Your objective: Please copy the lines below, exactly as they are, from the one with "и по рукавам." through the one with "根据猎聘去年9月底发布的《当", and leave out the pictures.

Extracted records:
──────────

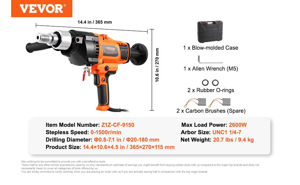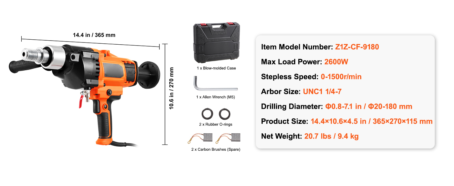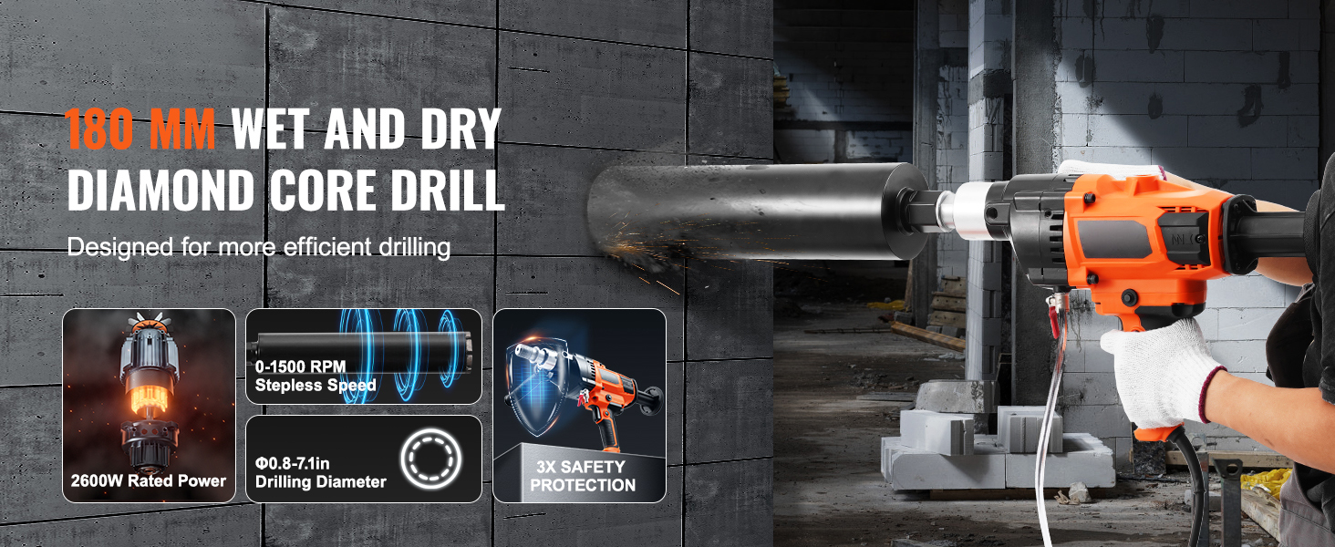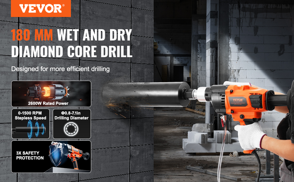 Leistungsstarkes Kernbohren: Ausgestattet mit einem 2600 W Motor und einstellbarer Geschwindigkeit kann dieses Kernbohrgerät mühelos Löcher von Φ0,8-7,1 Zoll / Φ20-180 mm bohren. Ob große oder kleine Löcher gebohrt werden müssen, mit diesem Werkzeug wird jede Aufgabe effizient und präzise erledigt.
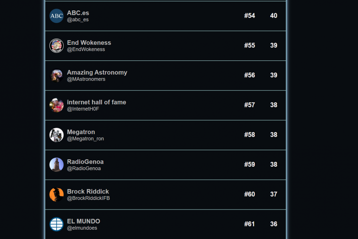Más allá de los medios de comunicación mencionados, en la clasificación se encuentran otros como el influencer de extrema derecha Jackson Hinkle, el medio de noticias virales Daily Loud, el propio Elon Musk y españoles 'agitadores' de la ultraderecha como Vito Quiles y Wall Street Wolverine.
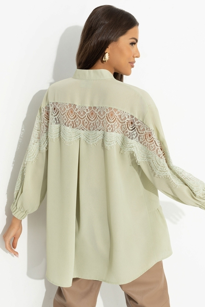 • Изделие дополнено тонким вшитым кружевом по спинке и по рукавам.
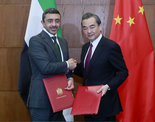 2017年5月2日,外交部长王毅在北京同阿联酋外交与国际合作部长阿卜杜拉共同主持中阿政府间合作委员会首次会议。
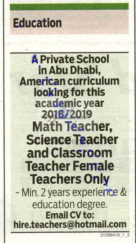 تعلن مدرسة خاصة في دولة الإمارات عن وظائف جديدة للمعلمين والمعلمات وذلك في التخصصات التالي:-
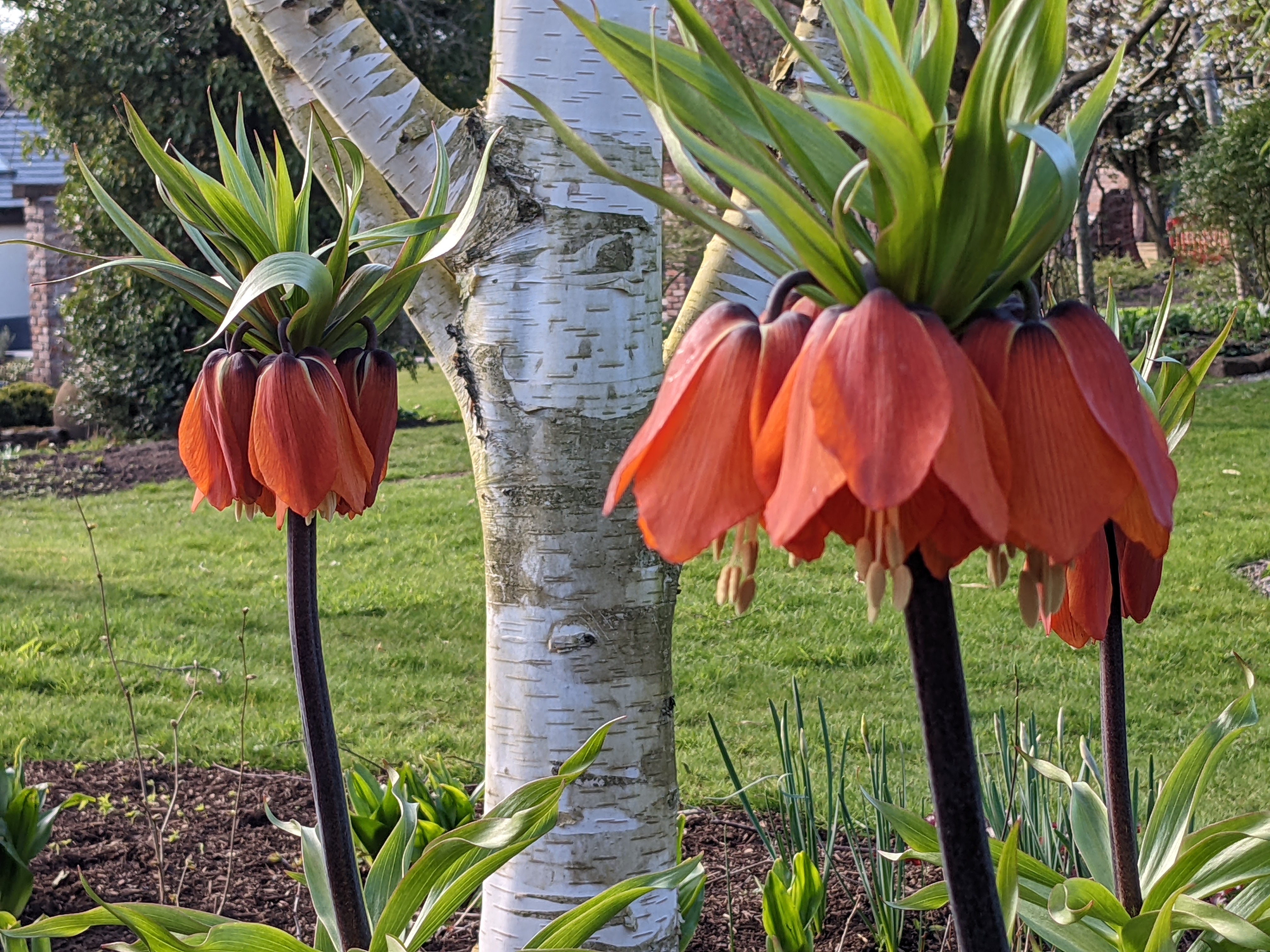 This colour combination is a complete accident - and one I will take full credit for. Sumptuous orange with pure white - what a knockout pairing it is. Despite the outrageously ruinous cost of these Imperial fritillary bulbs, I shall splash out on at least thirty of them this autumn to plant under the other birches to make a spectacular show.
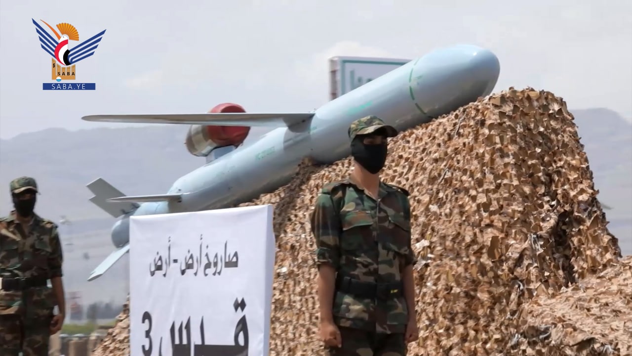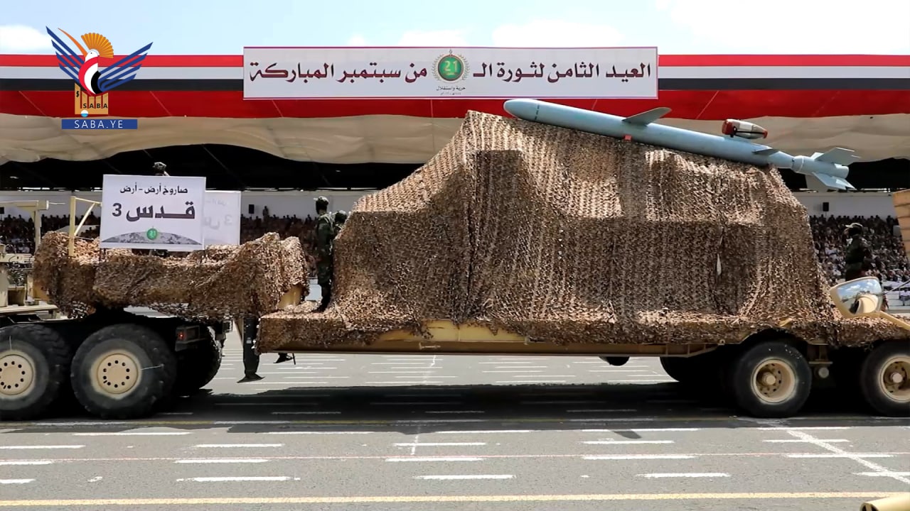 واستعرضت القوات المسلحة خلال العرض العسكري صواريخ “قدس” المجنحة بأجيالها الثلاثة وهي صواريخ من إنتاج الصناعات العسكرية اليمنية المحلية ويصل مداها إلى كل مناطق وعواصم دول تحالف العدوان، ولا تستطيع الرادارات كشفها.
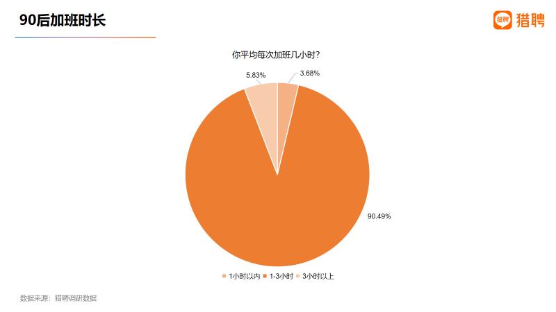 根据猎聘去年9月底发布的《当代年轻职场人现状洞察报告》调研数据显示:76.71%的90后职场人日常经常加班,其中加班时长在“1-3小时”的占比超9成。超长待机让职场人压力徒增。
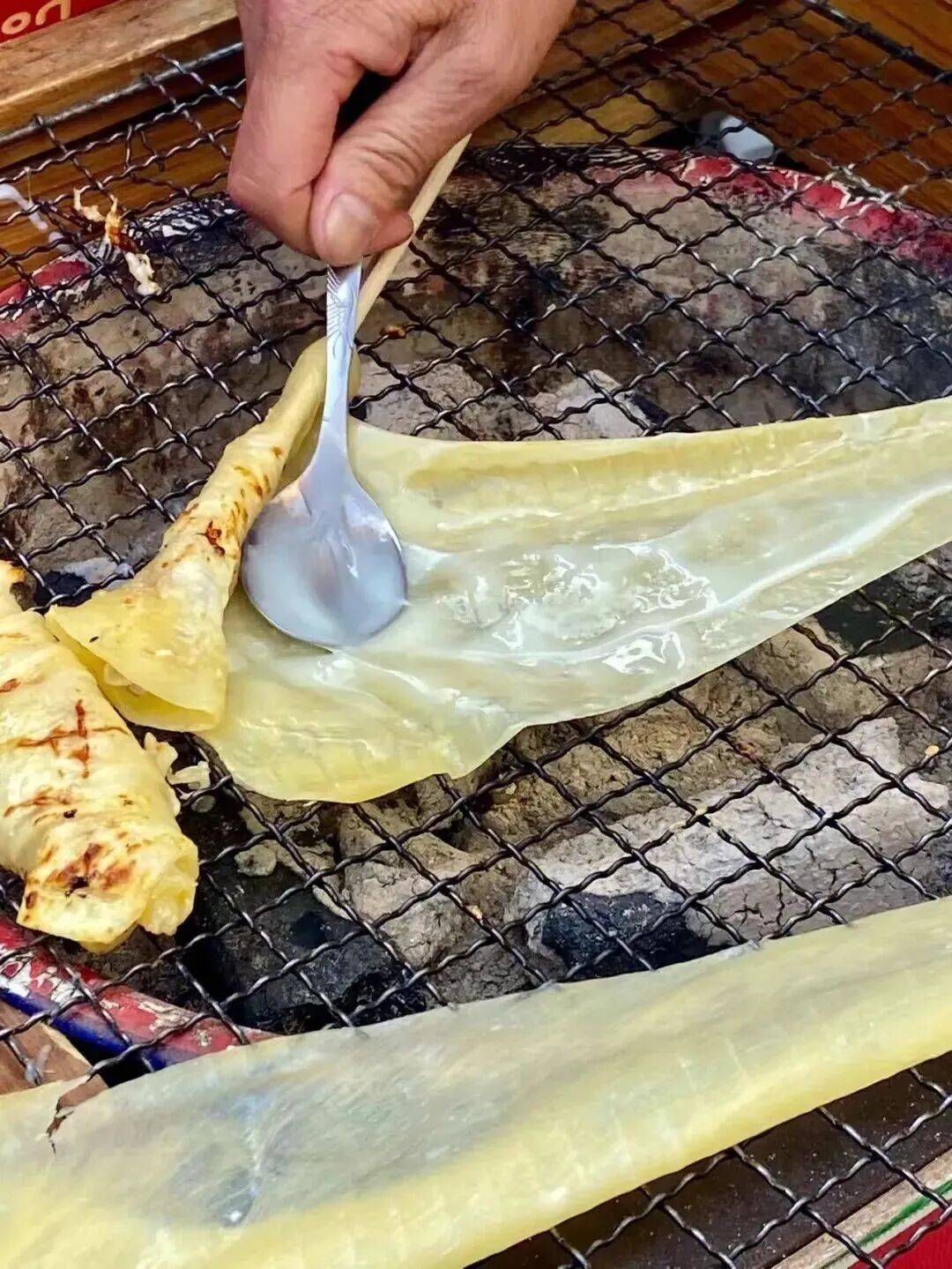烤好的乳扇最简单的吃法就是蘸点清甜的土蜂蜜,但在街头巷尾的小摊上,经常会被刷些玫瑰糖浆或是辣椒酱,卷一卷直接吃。
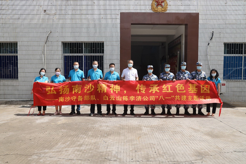 在交流共建座谈会上,孙东代表陈李济向南沙部队全体官兵致以节日祝贺和诚挚慰问,赠送喉疾灵胶囊、穗抗一号、济湿茶及刺柠吉饮料一批,并赠送了企业《革命先驱杨殷》连环画,号召陈李济全体党员干部向部队官兵学习,弘扬和传承“南沙精神”。
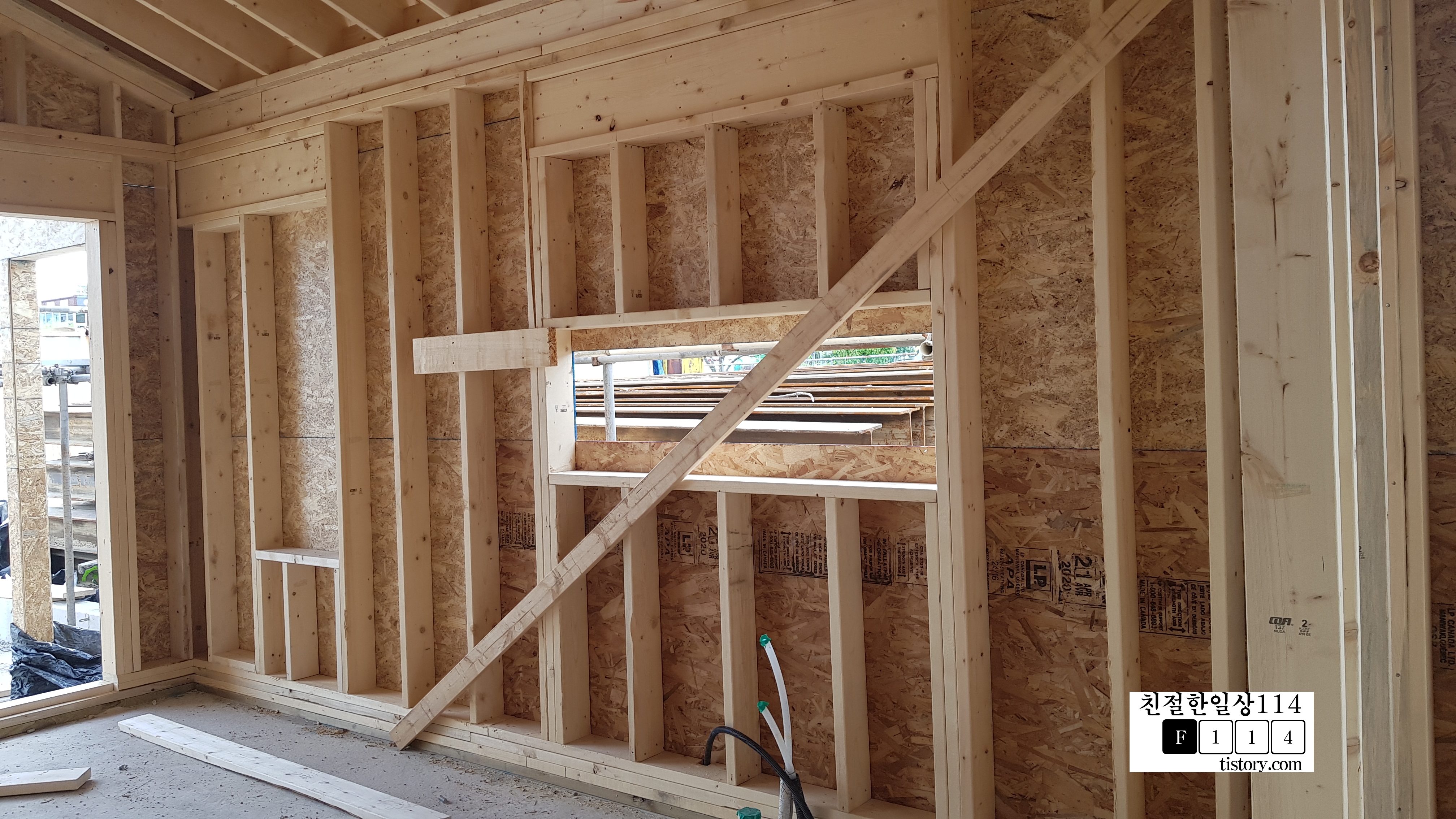 골조의 뼈대인 스터드가 마무리 되면 외벽쪽으로 합판을 붙인다.
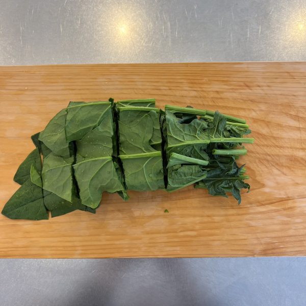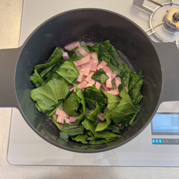 ②鍋にバター、ほうれん草、ベーコンを入れて中火で熱し、ほうれん草がしんなりするまで炒める。火を止めてから薄力粉をふるい入れ、ゴムベラでよく混ぜる。
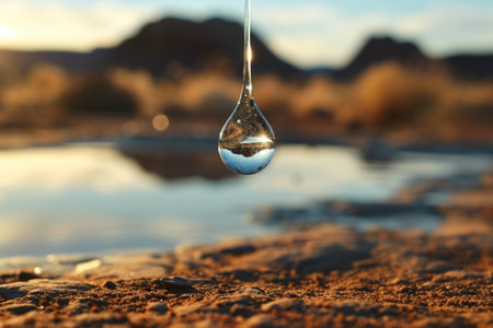 Isolated Water Droplet in the Desert: A captivating photograph showcasing a solitary water droplet defying gravity in the midst of a desolate desert,

──────────

Answer space:
 • Изделие дополнено тонким вшитым кружевом по спинке и по рукавам.
 2017年5月2日,外交部长王毅在北京同阿联酋外交与国际合作部长阿卜杜拉共同主持中阿政府间合作委员会首次会议。
 تعلن مدرسة خاصة في دولة الإمارات عن وظائف جديدة للمعلمين والمعلمات وذلك في التخصصات التالي:-
 This colour combination is a complete accident - and one I will take full credit for. Sumptuous orange with pure white - what a knockout pairing it is. Despite the outrageously ruinous cost of these Imperial fritillary bulbs, I shall splash out on at least thirty of them this autumn to plant under the other birches to make a spectacular show.
 واستعرضت القوات المسلحة خلال العرض العسكري صواريخ “قدس” المجنحة بأجيالها الثلاثة وهي صواريخ من إنتاج الصناعات العسكرية اليمنية المحلية ويصل مداها إلى كل مناطق وعواصم دول تحالف العدوان، ولا تستطيع الرادارات كشفها.
 根据猎聘去年9月底发布的《当代年轻职场人现状洞察报告》调研数据显示:76.71%的90后职场人日常经常加班,其中加班时长在“1-3小时”的占比超9成。超长待机让职场人压力徒增。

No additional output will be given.